### Work order
Only the lines of the data holding the string "https" need to be returned.

Input data Start Marker

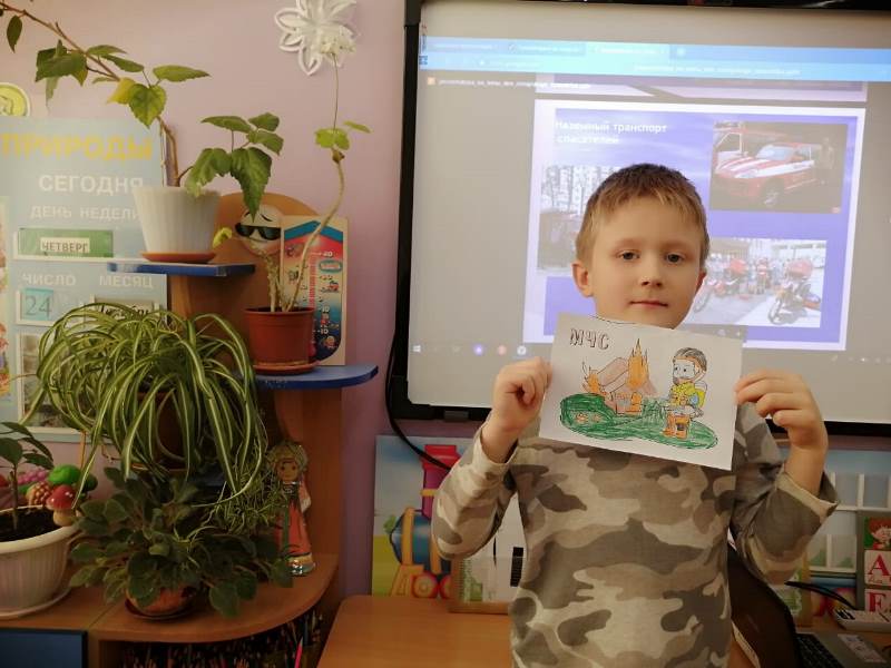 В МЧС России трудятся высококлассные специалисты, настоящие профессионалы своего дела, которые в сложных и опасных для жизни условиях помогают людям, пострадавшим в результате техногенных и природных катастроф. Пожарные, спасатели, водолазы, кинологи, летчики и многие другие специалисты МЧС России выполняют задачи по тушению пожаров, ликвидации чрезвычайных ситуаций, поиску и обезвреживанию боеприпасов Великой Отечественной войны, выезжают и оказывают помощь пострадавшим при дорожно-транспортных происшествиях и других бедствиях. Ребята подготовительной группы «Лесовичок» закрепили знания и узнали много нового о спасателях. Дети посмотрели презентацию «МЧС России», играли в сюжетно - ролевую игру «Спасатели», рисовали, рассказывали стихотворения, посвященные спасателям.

Input data End Marker
Input data Start Marker

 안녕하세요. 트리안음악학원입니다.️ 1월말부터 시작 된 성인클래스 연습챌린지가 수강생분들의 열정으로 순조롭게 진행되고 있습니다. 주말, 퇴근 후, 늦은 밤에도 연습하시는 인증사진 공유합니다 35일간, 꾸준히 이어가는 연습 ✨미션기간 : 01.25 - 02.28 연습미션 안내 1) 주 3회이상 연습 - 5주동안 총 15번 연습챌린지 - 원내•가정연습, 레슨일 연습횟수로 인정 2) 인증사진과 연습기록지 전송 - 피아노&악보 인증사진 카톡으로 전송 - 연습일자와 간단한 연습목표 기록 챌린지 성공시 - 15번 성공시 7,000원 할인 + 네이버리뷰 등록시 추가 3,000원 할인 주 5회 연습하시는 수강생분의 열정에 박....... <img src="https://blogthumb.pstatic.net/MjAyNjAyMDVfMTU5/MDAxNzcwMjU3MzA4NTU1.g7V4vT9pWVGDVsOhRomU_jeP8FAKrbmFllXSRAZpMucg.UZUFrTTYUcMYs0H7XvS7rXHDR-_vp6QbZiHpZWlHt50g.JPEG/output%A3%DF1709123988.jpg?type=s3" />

Input data End Marker
Input data Start Marker

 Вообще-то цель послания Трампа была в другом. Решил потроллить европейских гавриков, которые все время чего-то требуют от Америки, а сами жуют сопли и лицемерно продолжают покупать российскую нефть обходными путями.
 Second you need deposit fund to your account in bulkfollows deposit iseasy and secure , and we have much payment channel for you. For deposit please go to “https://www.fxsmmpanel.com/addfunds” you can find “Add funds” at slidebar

Input data End Marker

### Task output
 안녕하세요. 트리안음악학원입니다.️ 1월말부터 시작 된 성인클래스 연습챌린지가 수강생분들의 열정으로 순조롭게 진행되고 있습니다. 주말, 퇴근 후, 늦은 밤에도 연습하시는 인증사진 공유합니다 35일간, 꾸준히 이어가는 연습 ✨미션기간 : 01.25 - 02.28 연습미션 안내 1) 주 3회이상 연습 - 5주동안 총 15번 연습챌린지 - 원내•가정연습, 레슨일 연습횟수로 인정 2) 인증사진과 연습기록지 전송 - 피아노&악보 인증사진 카톡으로 전송 - 연습일자와 간단한 연습목표 기록 챌린지 성공시 - 15번 성공시 7,000원 할인 + 네이버리뷰 등록시 추가 3,000원 할인 주 5회 연습하시는 수강생분의 열정에 박....... <img src="https://blogthumb.pstatic.net/MjAyNjAyMDVfMTU5/MDAxNzcwMjU3MzA4NTU1.g7V4vT9pWVGDVsOhRomU_jeP8FAKrbmFllXSRAZpMucg.UZUFrTTYUcMYs0H7XvS7rXHDR-_vp6QbZiHpZWlHt50g.JPEG/output%A3%DF1709123988.jpg?type=s3" />
 Second you need deposit fund to your account in bulkfollows deposit iseasy and secure , and we have much payment channel for you. For deposit please go to “https://www.fxsmmpanel.com/addfunds” you can find “Add funds” at slidebar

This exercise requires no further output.